Material provided:
#####

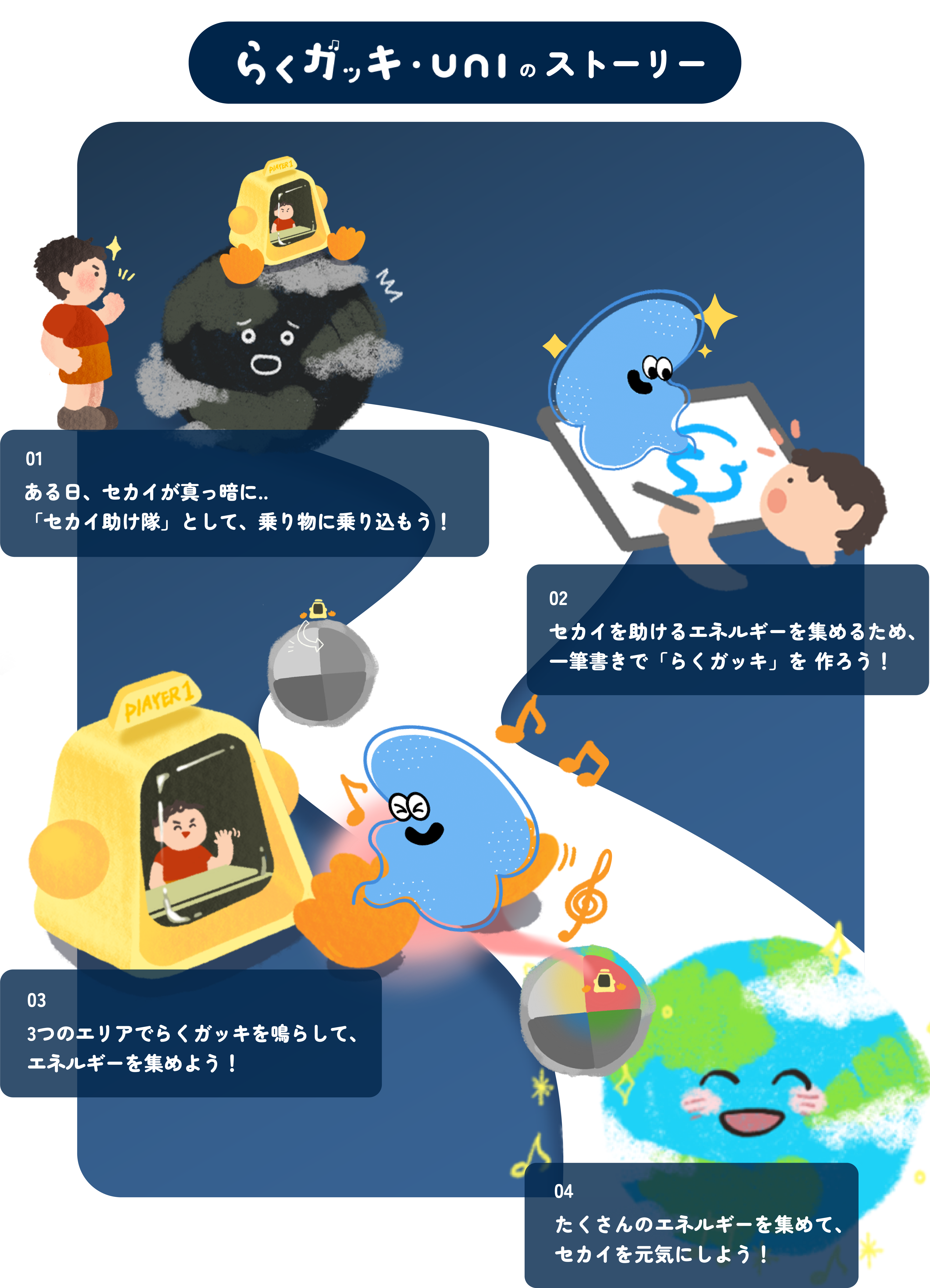 自分で作り出した「らくガッキ」と協力しながら世界を救う体験をすることで、「らくガッキ」への親しみを持ち、音色もさらに楽しめる設計としました。
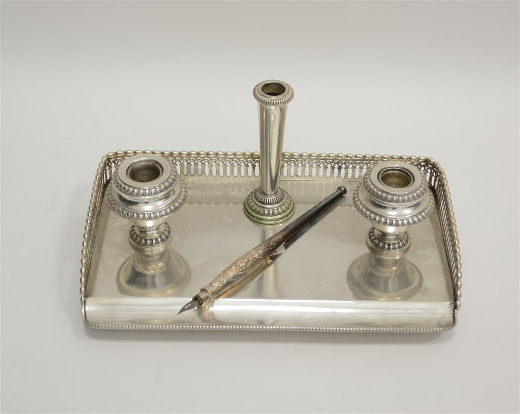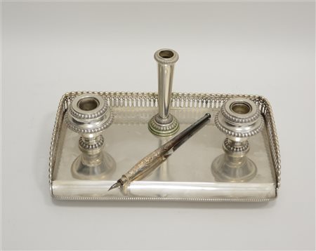 lotto composto da un calamaio a vassoio in argento con ringhierina, contenitori
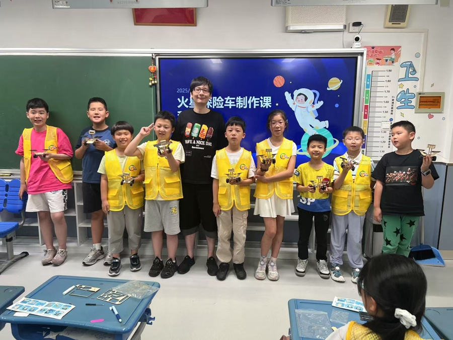开班首日,3场科创活动火热开展。来自上海理工大学中英国际学院上海市学生(青少年)科创教育基地的大学生们以“墨水的前世今生”为引,结合动手实验,在“硬核知识”与“天然色彩”的碰撞中,为小学员们带来一场别开生面的科创美育。在“火星车探险记”活动中,深奥的基础科学知识巧妙融入火星车拼装的各个环节,变得触手可及。在团队的精诚协作中,小学员们经历了一场妙趣横生的“火星漫游”,更在亲身探索中体会到可持续能源的独特优势。最后,小学员们置身一场云端“CITY WALK”,沉浸式感受南昌路这条“烟火气”小马路的建筑风格与街区低碳设计巧思,并用画笔定格自己眼中的“最美路口”。

#####

Exercise prompt:
Your response must reproduce the listing above word for word and must contain none of its pictures.

Worked solution:
 自分で作り出した「らくガッキ」と協力しながら世界を救う体験をすることで、「らくガッキ」への親しみを持ち、音色もさらに楽しめる設計としました。
 lotto composto da un calamaio a vassoio in argento con ringhierina, contenitori
开班首日,3场科创活动火热开展。来自上海理工大学中英国际学院上海市学生(青少年)科创教育基地的大学生们以“墨水的前世今生”为引,结合动手实验,在“硬核知识”与“天然色彩”的碰撞中,为小学员们带来一场别开生面的科创美育。在“火星车探险记”活动中,深奥的基础科学知识巧妙融入火星车拼装的各个环节,变得触手可及。在团队的精诚协作中,小学员们经历了一场妙趣横生的“火星漫游”,更在亲身探索中体会到可持续能源的独特优势。最后,小学员们置身一场云端“CITY WALK”,沉浸式感受南昌路这条“烟火气”小马路的建筑风格与街区低碳设计巧思,并用画笔定格自己眼中的“最美路口”。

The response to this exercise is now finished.